Dalam hati aku mendongkol juga. Begitulah memang perlakuan awak bus yang seringkali diterima oleh pelajar. Kelihatannya kalangan yang satu ini benar-benar musuh bagi mereka. Memang beberapa oknum pelajar suka mengganggu mereka, namun ‘kan hanya beberapa. Aku yakin aku tidak termasuk golongan yang beberapa itu. Mungkin mereka juga membenci pelajar karena ongkos yang dikenakan kepada pelajar sangat murah. Aku tidak tahu ini kesalahan si pelajar, awak bus atau pemerintah? Ada yang mengatakan ini kesalahan pelajar. Mereka seharusnya sadar harus membayar sesuai tarif umum (?). ada yang mengatakan ini kesalahan awak bus yang melanggar peraturan. Aku yakin orang yang mengatakan ini belum begitu paham tentang kehidupan awak bus yang nota bene harus membanting tulang untuk mencukupi kehidupan mereka yang pas-pasan. Namun memang sebenarnya ada benarnya juga pendapat ini. Adapula yang mengatakan ini kesalahan pemerintah yang memasang tarif semena-mena tanpa memberi subsidi kepada pengusaha bus ¾ masalahnya uang untuk subisidi itu sudah habis untuk membangun pabrik mobil, membuat pesawat dan membangun lahan peternakan di Jawa. Yang kena getahnya, ya jelas awak bus yang dikenakan setoran mencekik leher. Awak bus melampiaskannya pada pelajar. Jadi sekali lagi, siapa yang salah?
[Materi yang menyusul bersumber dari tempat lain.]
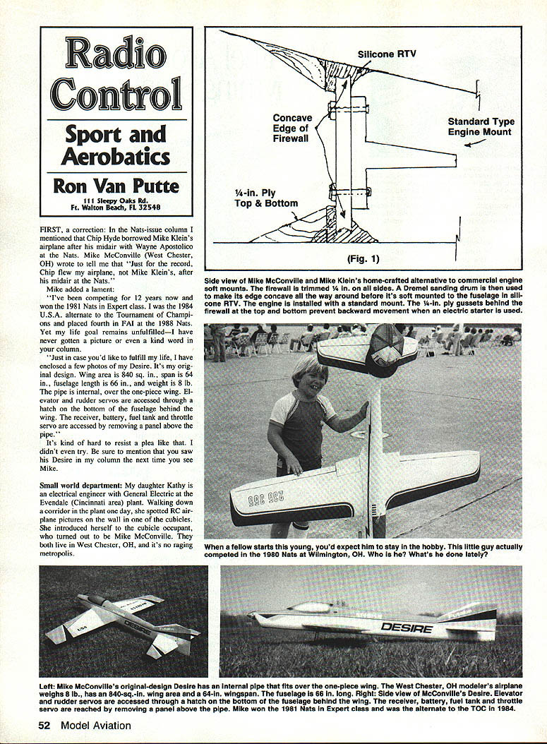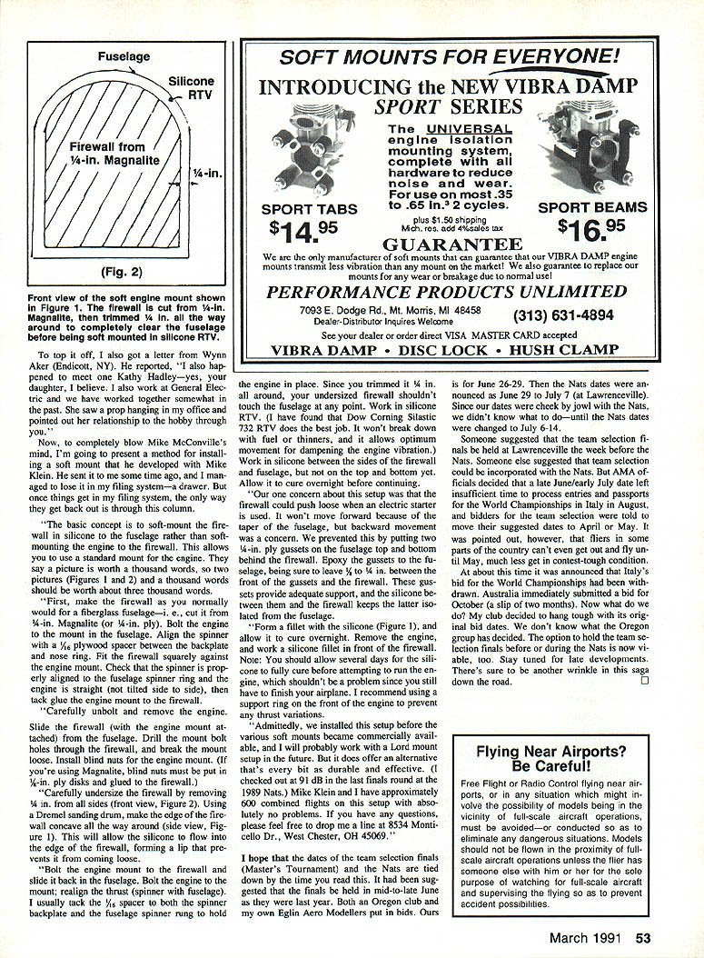 FIRST correction Nats-issue column mentioned Chip Hyde borrowed Mike Kleins airplane after midair Wayne Apostolico Nats Mike McConville West Chester OH wrote tell Just record Chip flew airplane Mike Kleins after midair Nats Mike added lament Ive competing 12 years now won 1981 Nats Expert class 1984 USA alternate Tournament Champi ons placed fourth FAI 1988 Nats Yet life goal remains unfulfilledI have never gotten picture kind word column Just case youd like fulfill life have enclosed few photos Desire Its orig inal design Wing area 840 sq span 64 fuselage length 66 weight 8 lb pipe internal over one-piece wing El evator rudder servos accessed through hatch bottom fuselage behind wing receiver battery fuel tank throttle servo accessed removing panel above pipe Its kind hard resist plea like didnt try sure mention saw Desire column next time see Mike Small world department daughter Kathy electrical engineer General Electric Evendale Cincinnati area plant Walking down corridor plant day spotted RC air plane pictures wall cubicles introduced herself cubicle occupant turned out Mike McConville both live West Chester OH its no raging metropolis Side view Mike McConville Mike Kleins home-crafted alternative commercial engine soft mounts firewall trimmed 14 sides Dremel sanding drum used make its edge concave way around before its soft mounted fuselage sili cone RTV engine installed standard mount -In ply gussets behind firewall top bottom prevent backward movement electric starter used Left Mike McConvilles original-design Desire has Internal pipe fits over one-pIece wing West Chester OH modelers airplane weighs 8 lb has 840-sq-in wing area 64-in wingspan fuselage 1s66 long RIght Side view McConvllles Desire Elevator rudder servos accessed through hatch bottom fuselage behind wing receiver battery fuel tank throttle servo reached removing panel above pipe MIke won 1981 Nats Expert class alternate TOC 1984 52 Model Aviation RadEo Control Sport Aembatics Ron Van Putte III Sleepy Oaks Rd Fa Waltoii Beach FL 32548 Standard Type Engine Mount -in Ply Top & Bottom Fig 1 fellow starts young youd expect him stay hobby little guy actually competed 1980 Nate Wilmington OH Whats done lately Front view soft engine mount shown Figure 1 firewaii cut -in Magnalite trimmed way around completeiy ciear fussiage before being soft mounted siiicone RTV top off also got letter Wynn Aker Endicott NY reported also hap pened meet Kathy Hadleyyes daughter believe also work General Elec tric have worked together somewhat past saw prop hanging office pointed out relationship hobby through Now completely blow Mike McConvilles mind Im going present method install ing soft mount developed Mike Klein sent some time ago man aged lose filing systema drawer once things get filing system way get back out through column basic concept soft-mount fire wall silicone fuselage rather softmounting engine firewall allows use standard mount engine say picture worth thousand words two pictures Figures 1 2 thousand words should worth about three thousand words First make firewall normally would fiberglass fuselagei e cut A-in Magnalite A-in ply Bolt engine mount fuselage Align spinner /, plywood spacer between backplate nose ring Fit firewall squarely against engine mount Check spinner prop erly aligned fuselage spinner ring engine straight tilted side side tack glue engine mount firewall Carefully unbolt remove engine Slide firewall engine mount tached fuselage Drill mount bolt holes through firewall break mount loose Install blind nuts engine mount youre using Magnalite blind nuts must put A-in ply disks glued firewall Carefully undersize firewall removing sides front view Figure 2 Using Dremel sanding drum make edge fire wall concave way around side view Fig ure 1 will allow silicone flow edge firewall forming lip pre vents coming loose Bolt engine mount firewall slide back fuselage Bolt engine mount realign thrust spinner fuselage usually tack /i6 spacer both spinner backplate fuselage spinner rung hold SOFT MOUNTS FOR EVERYONE INTRODUCING NEW VIBRA DAMP SPORT TABS SPORT SERIES UNIVERSAL engine Isolation mounting system complete hardware reduce noise wear use 35 65 In3 2 cycles plus $1 50 shipping Mich res add 4%saleS talc GUARANTEE manufacturer soft mounts can guarantee VIBRA DAMP engine mounts transmit less vibration mount maiket also guarantee replace mounts wear breakage due normal use PERFORMANCE PRODUCTS UNLIMITED 7093 E Dodge Rd Mt Morris MI 48458 Dealer-Distributor inquires Welcome See dealer order direct VISA MASTER CARD accepted VIBRA DAMP LOCK CLAMP engine place Since trimmed 1A around undersized firewall shouldnt touch fuselage point Work silicone RTV have found Dow Coming Silastic 732 RTV does best job wont break down fuel thinners allows optimum movement dampening engine vibration Work silicone between sides firewall fuselage top bottom yet Allow cure overnight before continuing concern about setup firewall could push loose electric starter used wont move forward because taper fuselage backward movement concern prevented putting two A-in ply gussets fuselage top bottom behind firewall Epoxy gussets fu selage being sure leave een front gussets firewall gus sets provide adequate support silicone tween firewall keeps latter iso lated fuselage Form fillet silicone Figure 1 allow cure overnight Remove engine work silicone fillet front firewall Note should allow several days sili cone fully cure before attempting run en gine shouldnt problem since still have finish airplane recommend using support ring front engine prevent thrust variations Admittedly installed setup before various soft mounts became commercially avail able will probably work Lord mount setup future does offer alternative thats bit durable effective checked out 91 dB last finals round 1989 Nats Mike Klein have approximately 600 combined flights setup abso lutely no problems have questions please feel free drop line 8534 Monti cello Dr West Chester OH 45069 hope

Bus lain datang. Beruntung kali ini mengijinkan aku masuk. Segera kucari kursi yang strategis. Aku pun mendaratkan tubuhku di kuris plastik PVC bus itu. Kursi yang sudah pecah sana-sini dan dipenuhi oleh coretan tangan-tangan jahil dan tak bertanggung jawab. Coretan manusia-manusia yang (mungkin) merasa tidak memiliki masa depan lagi. Baru saja aku ingin membuka jendela, sesuatu yang akhirnya kuurungkan karena kenyataan bahwa kaca jendela bus itu sudah pecah sana-sini, bus sudah berjalan kembali. Membawa aku, membawa penumpang ke tujuan mereka.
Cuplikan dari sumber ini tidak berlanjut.